### MATERIAL PROVIDED
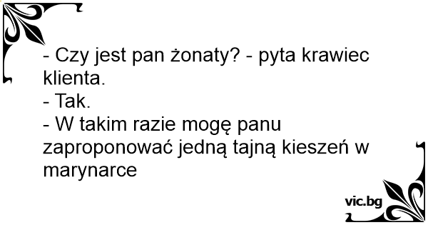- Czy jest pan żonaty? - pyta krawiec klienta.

* * *

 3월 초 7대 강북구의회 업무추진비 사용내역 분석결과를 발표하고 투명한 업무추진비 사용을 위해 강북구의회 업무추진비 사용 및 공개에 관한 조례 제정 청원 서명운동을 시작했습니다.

==

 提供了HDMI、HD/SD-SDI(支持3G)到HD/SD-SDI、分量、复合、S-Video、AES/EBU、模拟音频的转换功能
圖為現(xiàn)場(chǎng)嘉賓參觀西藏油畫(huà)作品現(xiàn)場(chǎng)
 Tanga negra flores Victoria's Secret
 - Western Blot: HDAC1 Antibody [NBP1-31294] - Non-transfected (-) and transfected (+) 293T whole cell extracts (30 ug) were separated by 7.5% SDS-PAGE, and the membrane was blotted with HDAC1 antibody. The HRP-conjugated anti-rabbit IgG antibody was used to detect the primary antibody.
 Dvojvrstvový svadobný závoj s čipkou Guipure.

### PROBLEM STATEMENT
Reproduce verbatim the lines above, from the line with "圖為現(xiàn)場(chǎ" through the line with "Dvojvrstvový svadobný závoj".

### WRITTEN SOLUTION
圖為現(xiàn)場(chǎng)嘉賓參觀西藏油畫(huà)作品現(xiàn)場(chǎng)
 Tanga negra flores Victoria's Secret
 - Western Blot: HDAC1 Antibody [NBP1-31294] - Non-transfected (-) and transfected (+) 293T whole cell extracts (30 ug) were separated by 7.5% SDS-PAGE, and the membrane was blotted with HDAC1 antibody. The HRP-conjugated anti-rabbit IgG antibody was used to detect the primary antibody.
 Dvojvrstvový svadobný závoj s čipkou Guipure.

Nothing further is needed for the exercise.